With a compromise on the so-called “fiscal cliff” up in the air, investors are showing signs of worry. According to CNBC, many are working to sell off assets to avoid the coming hikes in the capital gains tax that will come at the beginning of the year:
For many of the wealthy, 2012 is becoming a good year to sell.
They’re worried about the “fiscal cliff,” which is when tax cuts expire and spending cuts are set to go into effect at the end of the year.
Fearing an increase in capital gains and dividend taxes, many of the rich are unloading stocks, businesses and homes before the end of the year.
Wealth advisors say that with capital-gains taxes potentially going to 25 percent from 15 percent, and other possible increases in the dividend tax, estate tax and other taxes, many clients are selling now to save millions in taxes.

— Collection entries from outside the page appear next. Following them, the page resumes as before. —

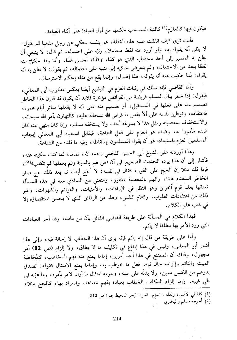 وأما القاضي فإنه سلك في إثبات العزم في التبشيع أيضا بعكس مطلوب أبي المعالي، فيقول: إذا خطر ببال المسلم فريضة من الفرائض مؤخرة فلابد أن يكون قد قارن هذا الخاطر تصميم منه على فعلها في المستقبل، أو تصميم منه على أنه لا يفعلها سائر أيام عمره، فاعتقاده، وتوطين نفسه على ألا يفعل ما فرض الله سبحانه عليه، كالتهاون بأمر الله سبحانه، والاستخفاف بمعصيته ومثل هذا لا يسوغه أحد، ولا يستخفه مسلم، وإذا كان منهي عنه كان ضده مأمورا به، وضده هو العزم على فعل الطاعة، فيقابل استعباد أبي المعالي إيجاب المسلمين العزم باستبعاده هو أن يقول المسلمون بإسقاطه، وفيه ما قلناه من الشناعة.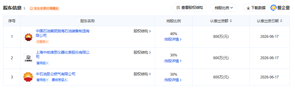 股權(quán)穿透圖顯示,該公司由中國(guó)石油天然氣集團(tuán)有限公司旗下中國(guó)石油集團(tuán)渤海石油裝備制造有限公司、中石油昆侖燃?xì)庥邢薰尽⑸虾V泻司S思儀器儀表股份有限公司共同持股。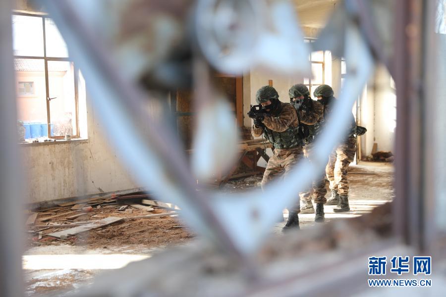 武警第一机动总队某支队特战队员在进行房间搜索训练(12月15日摄)。新华社发(常龙 摄)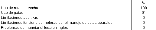 Tal como se observa en la Tabla 2 todos los miembros del grupo experimental eran diestros y la gran mayoría (10 sobre 11) usa gafas mientras que sólo un caso (1 de 11) presentaba limitaciones auditivas y nadie estaba afectado por limitaciones funcionales motoras relacionadas con el uso de los terminales. Los dispositivos terminales usados en este análisis eran de versión en Inglés. Sólo uno de los participantes ha señalado problemas con el manejo de los textos en este idioma.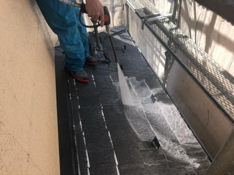 屋根もガイソーパワークリーナーで高圧洗浄します。汚れをしっかりと洗い流す事で塗料の密着度が上がり、より長くお家を守ることに繋がります。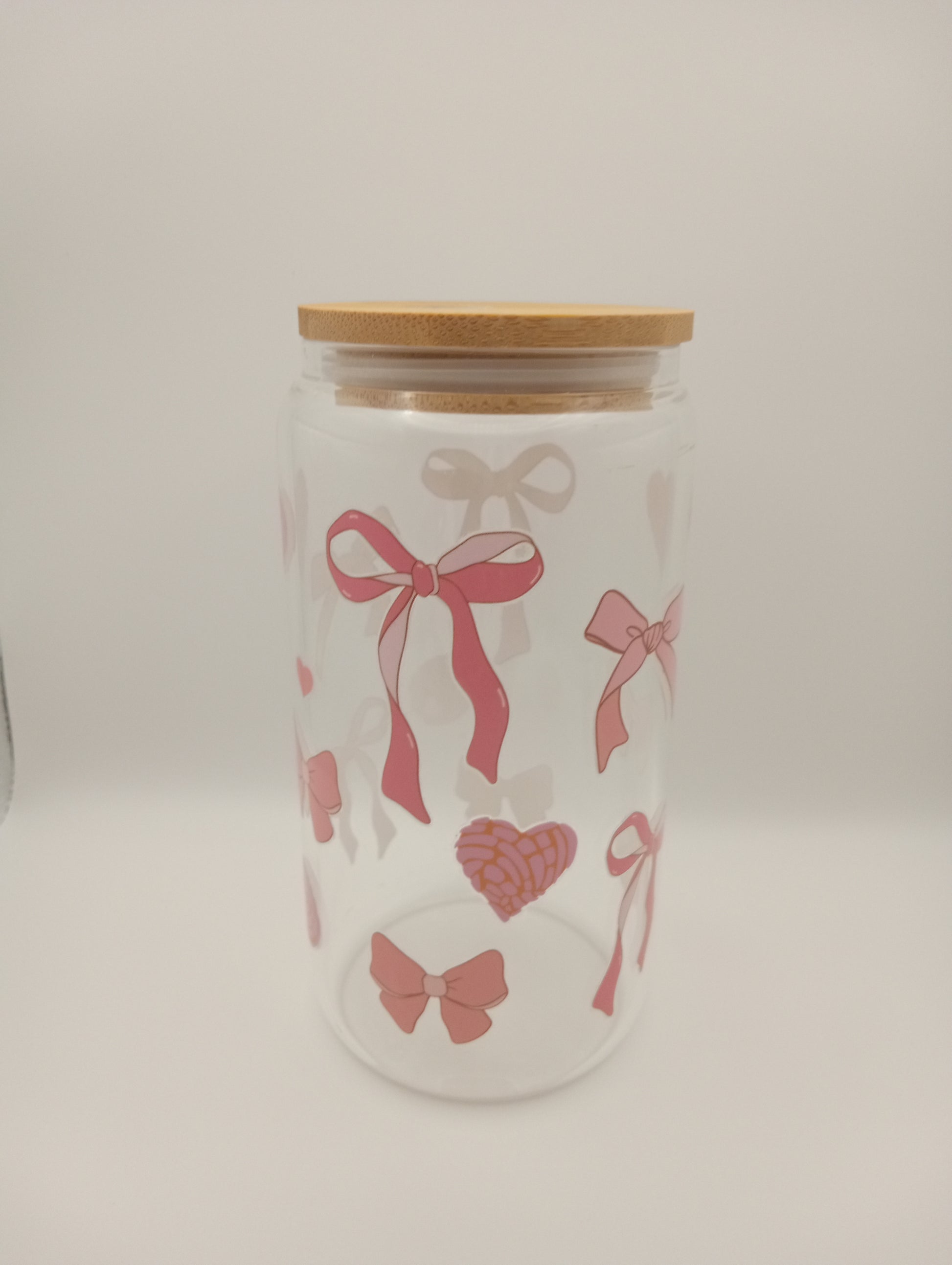 Add a touch of sophistication to every sip with this beautifully handcrafted 16oz glass tumbler featuring a delicate bow design!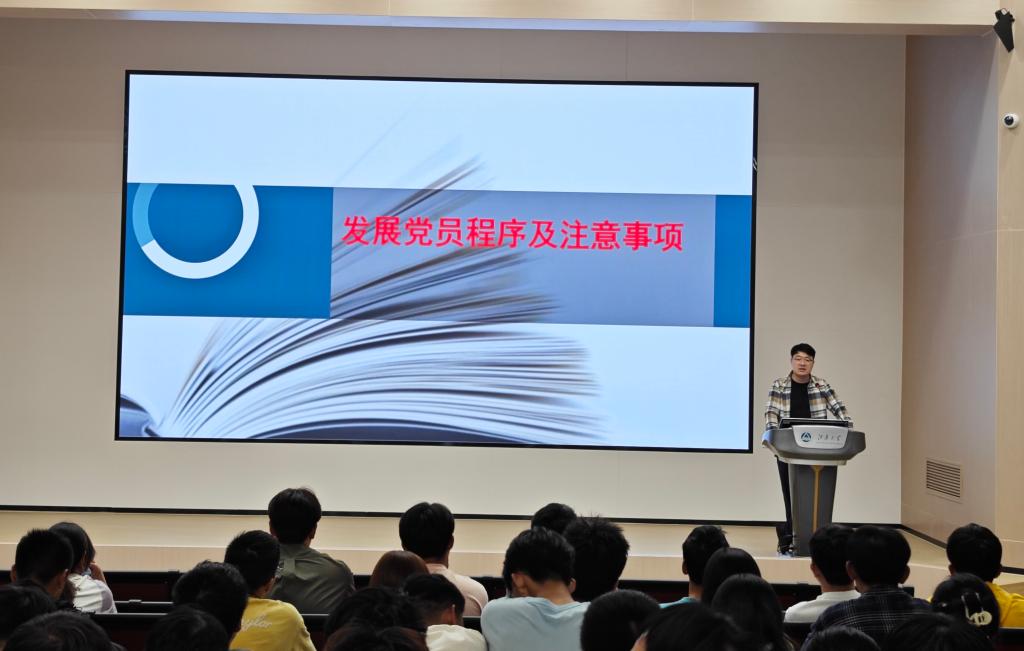 环科2201班赵星然作为积极分子代表进行发言,她表示将以党员标准严格要求自己,在工作和学习中不断向党组织靠拢,认真加强理论学习,提高党性、政治修养,发挥先锋模范作用;积极参加党组织活动,以入党作为人生重要目标,力争突破自己,以实际行动回报社会。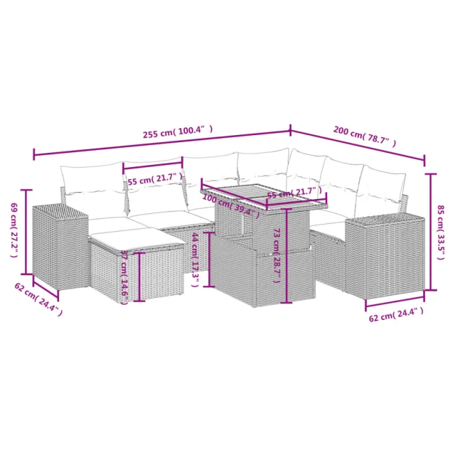 vidaXL Vrtna sedežna garnitura 8-delna z blazinami bež poli ratan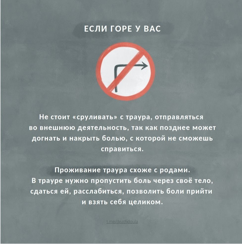 #этонепсихология 🖤 Памятка горюющей беглянке Недавно я наткнулась на канал, от которого у большинства случится тревожный зуд. А у меня — странным образом — случился покой. Канал про смерть. Про утраты. Про то, как жить, когда уже не с кем. В нём была памятка по гореванию. Простая, будто написанная на кухне между слезами и гречкой. И один пункт врезался в меня, как заноза под ноготь: «Не сруливай с траура. Потом будет хуже». А я? Всё лето я была профессиональной сруливальщицей. Александров, Тверь, Казань, Хургада, Геленджик… Где-то между сувенирами и «а может, вина?» я пыталась не чувствовать. Сейчас у меня по шесть часов учёбы в день. Практики, лекции, психика. Горевание осталось на ночь, а ночью, прости Господи, хочется спать. Но вчера на супервизии я вдруг разревелась. Не за клиента — за себя. За ту, что пряталась от слёз под расписанием и самолётами. И, пожалуй, самым правильным было то, что я убрала работу. Насколько могла. Финансы стонут, но молчат. Самым неправильным было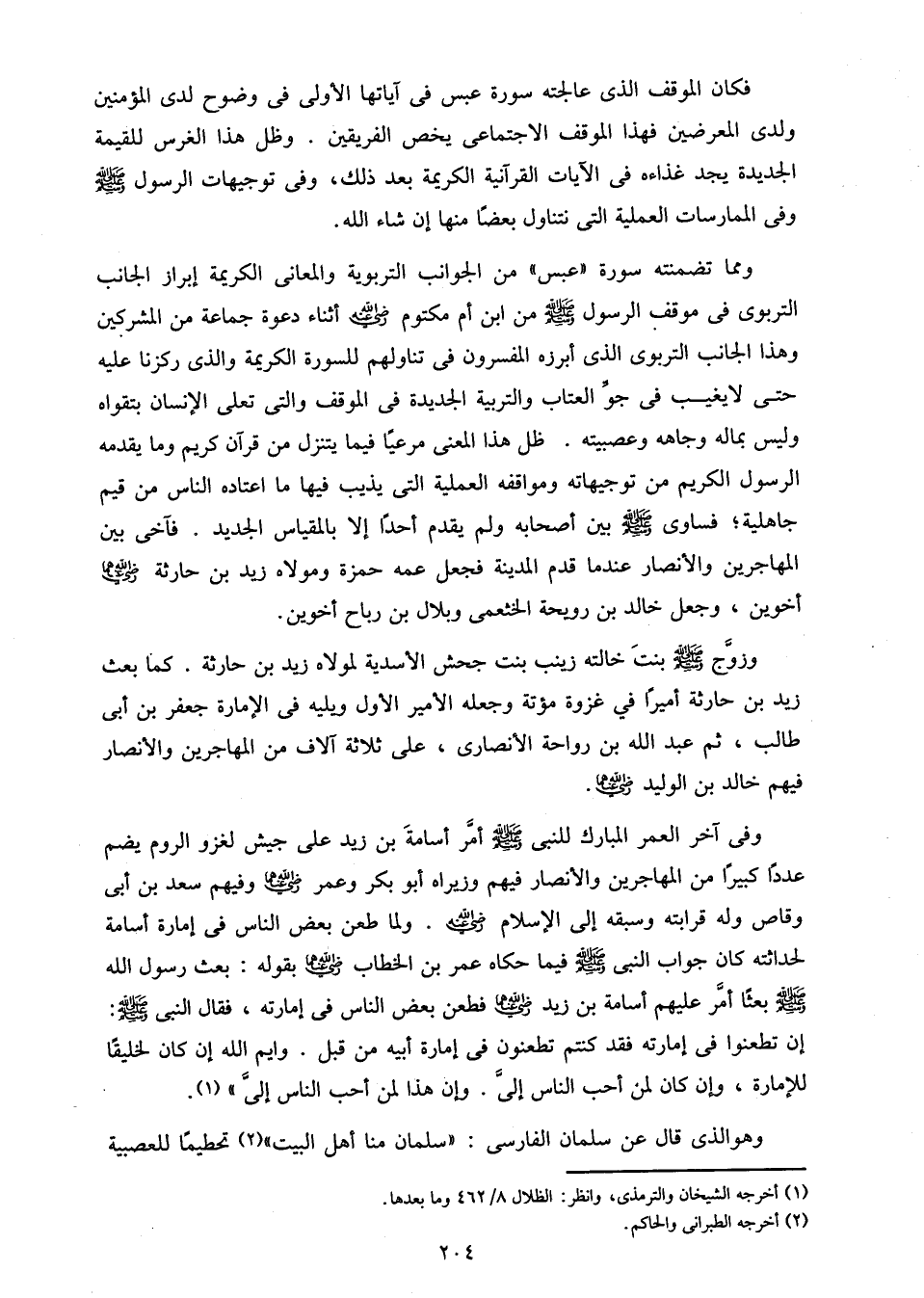 دعوة جماعة من المشركين وهذا الجانب التربوى الذى أبرزه المفسرون فى تناولهم للسورة الكريمة والذى ركزنا عليه حتى لا يغيب فى جوّ العتاب والتربية الجديدة فى الموقف والتى تعلى الإنسان بتقواه وليس بماله وجاهه وعصبيته. ظل هذا المعنى مرعيا فيما يتنزل من قرآن كريم وما يقدمه الرسول الكريم من توجيهاته ومواقفه العملية التى يذيب فيها ما اعتاده الناس من قيم جاهلية؛ فساوى صلّى الله عليه وسلم بين أصحابه ولم يقدم أحدا إلا بالمقياس الجديد. فآخى بين المهاجرين والأنصار عند ما قدم المدينة فجعل عمه حمزة ومولاه زيد بن حارثة رضي الله عنهما أخوين، وجعل خالد بن رويحة الخثعمى وبلال بن رباح أخوين.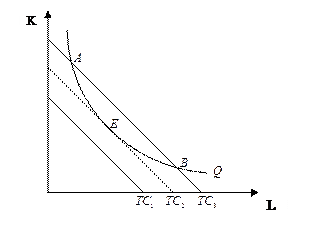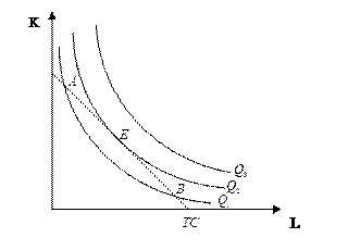Максимальному обсягу виробництва при заданому рівні витрат TC відповідатиме т. Е – точка дотику із окости з однією з ізоквант. В точці дотику кут нахилу ізокванти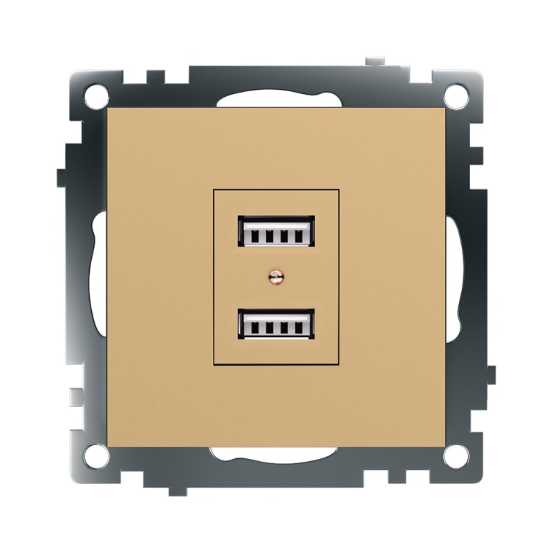 Розетка 2-местная USB (механизм), STEKKER, GLS10-7115-08, 250В, 2,1А, серия Катрин, золото 49229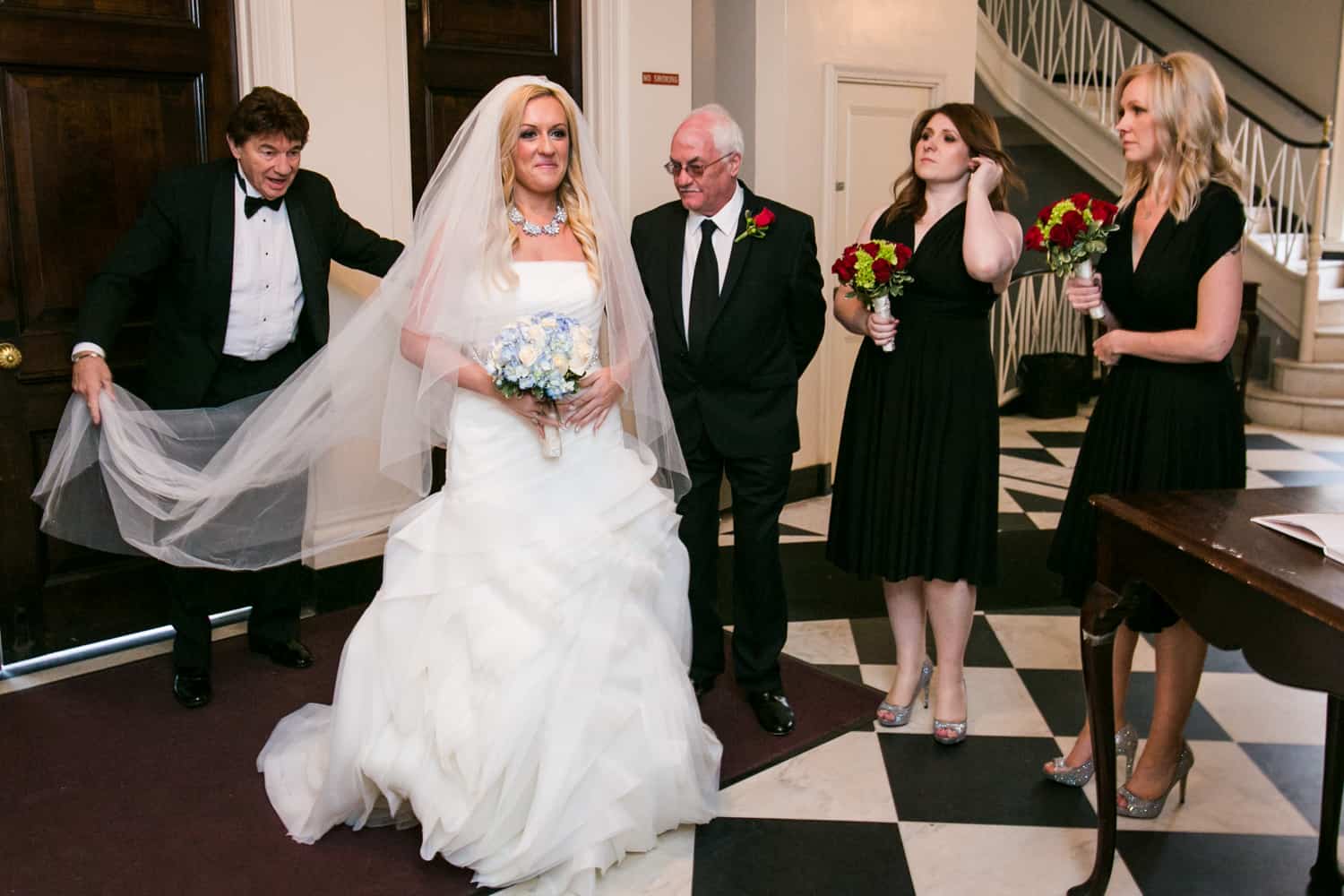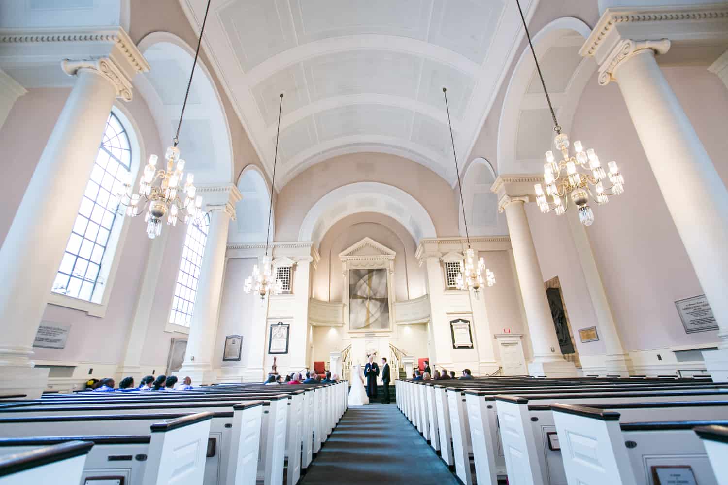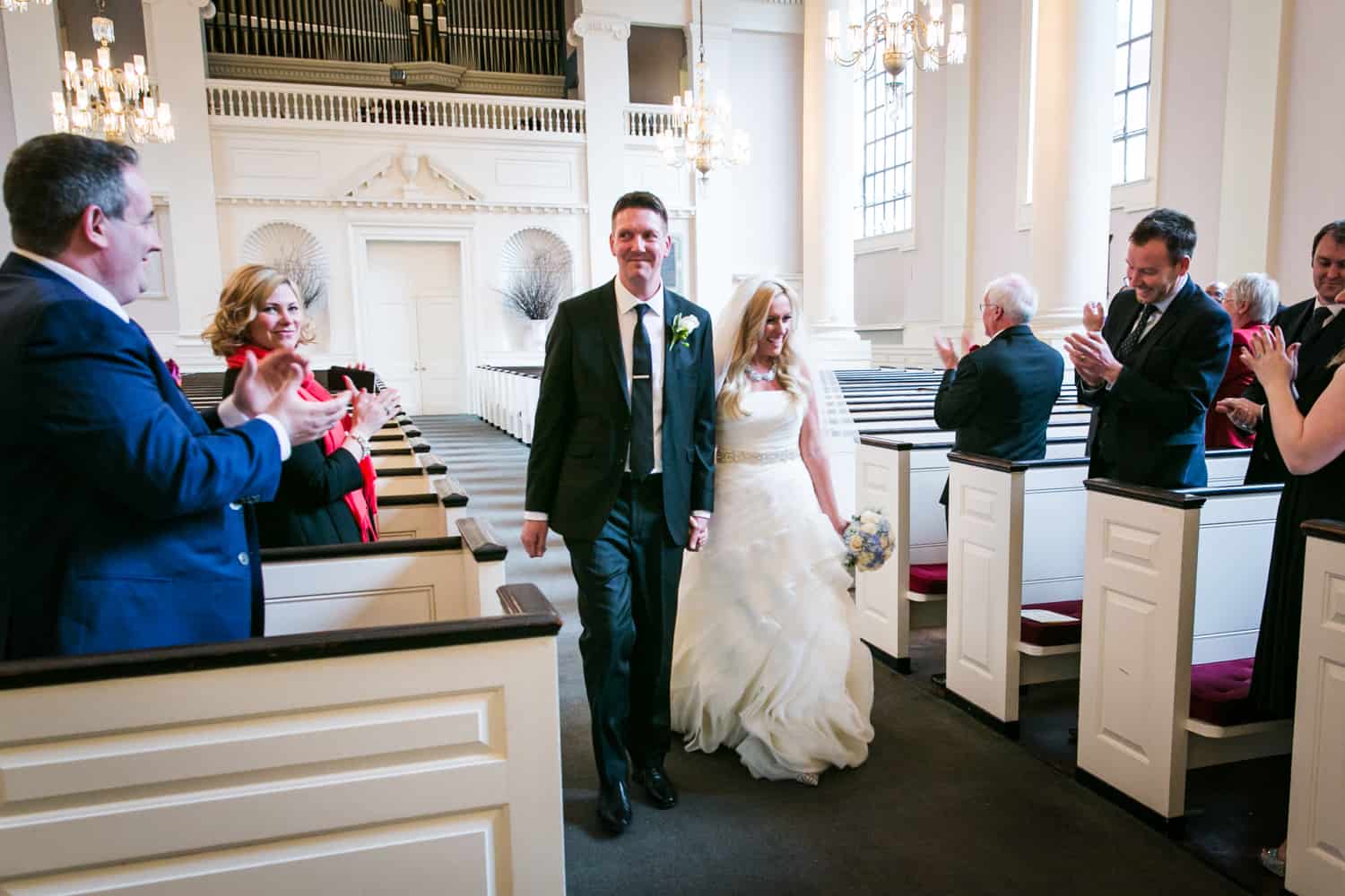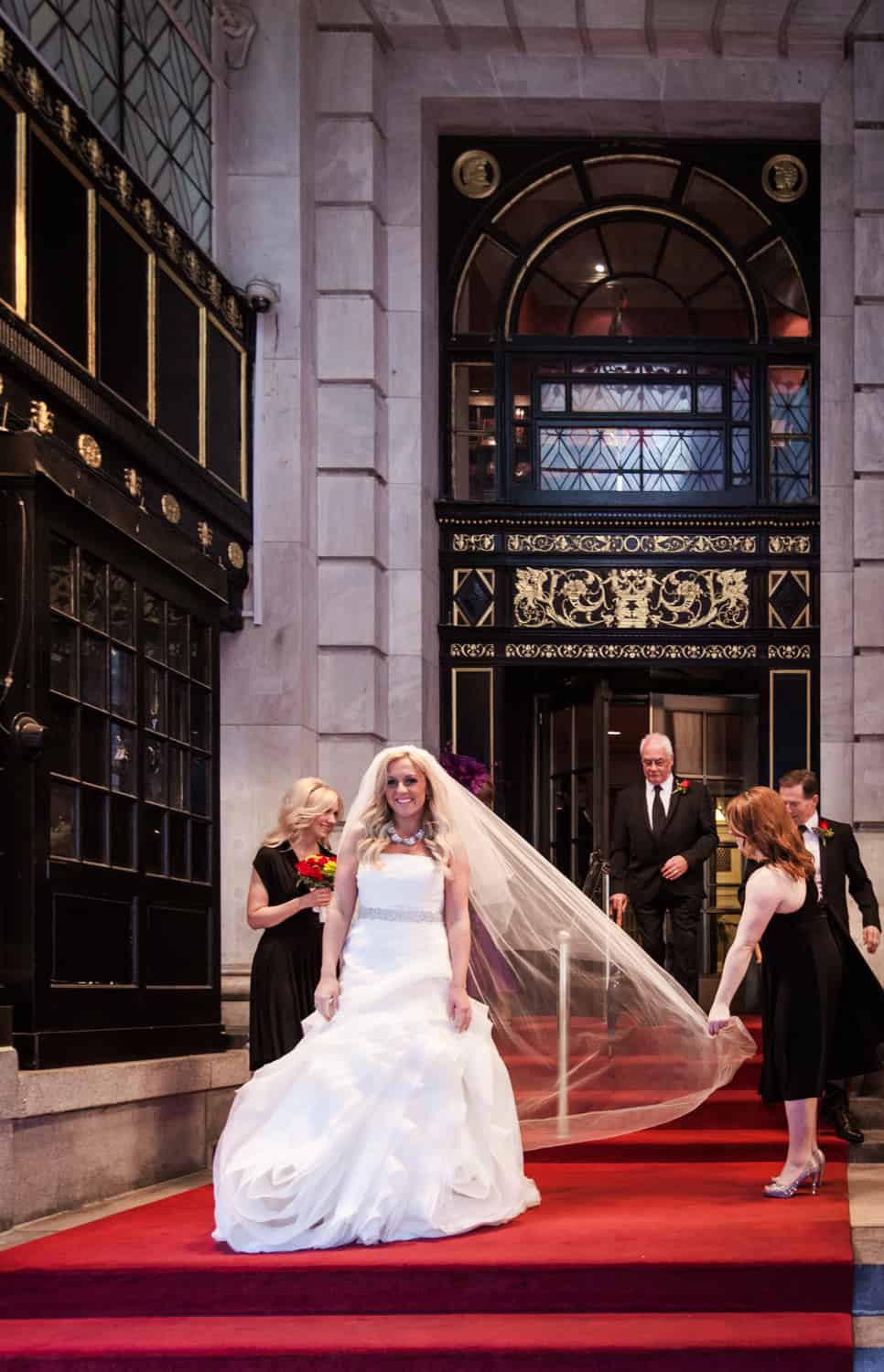 Carol and Chris’s wedding day began in classic New York fashion at the Plaza Hotel where the couple got ready. After zipping into her dress, Carol attached her veil and we headed uptown. The ceremony was held at All Souls Unitarian Church on the upper east side, and was simply beautiful. With only 22 guests, the wedding party had the sanctuary all to themselves. But why hire the church choir when you can get David Letterman’s Late Show Gospel Choir? The choir was captivating, and their voices filled the space. It was a bit like having a theater performance during the ceremony.

If the Bush-era tax cuts expire, taxes on capital gains would revert back to its previous rate of 20 percent from its current 15 percent. Another 5 percent may be added from health-care levies and changes in itemized deductions, bringing the rate to 25 percent for many high earners.
Taxes on dividends could go from 15 percent to over 43 percent. And the estate tax could go from 35 percent on estates worth more than $5 million to 55 percent on estates over $1 million.
CNBC also notes that many entrepreneurs are selling off their businesses now hoping to avoid potential taxes hikes next year. Interestingly, President Barack Obama’s tax proposal, if passed, would have raised at least of these same taxes. For example, the capital gains tax would have risen to 20% and the estate tax would jump to 45% under Obama’s plan. These hikes would be coupled with other proposed increases in income taxes rates, back to Clinton-era levels, for individuals earning over $200,000 and families making over $250,000.
This sell off was to be expected, even without the “fiscal cliff.” But it’s having an affect that is both hurting the stock market, coupled with fears of Congress not reaching an agreement with the White House — which is looking less likely by the day, and shorting the federal government of money that would come at the beginning of next year. Not there’s a problem with that. The less money the government has (or spends), the better.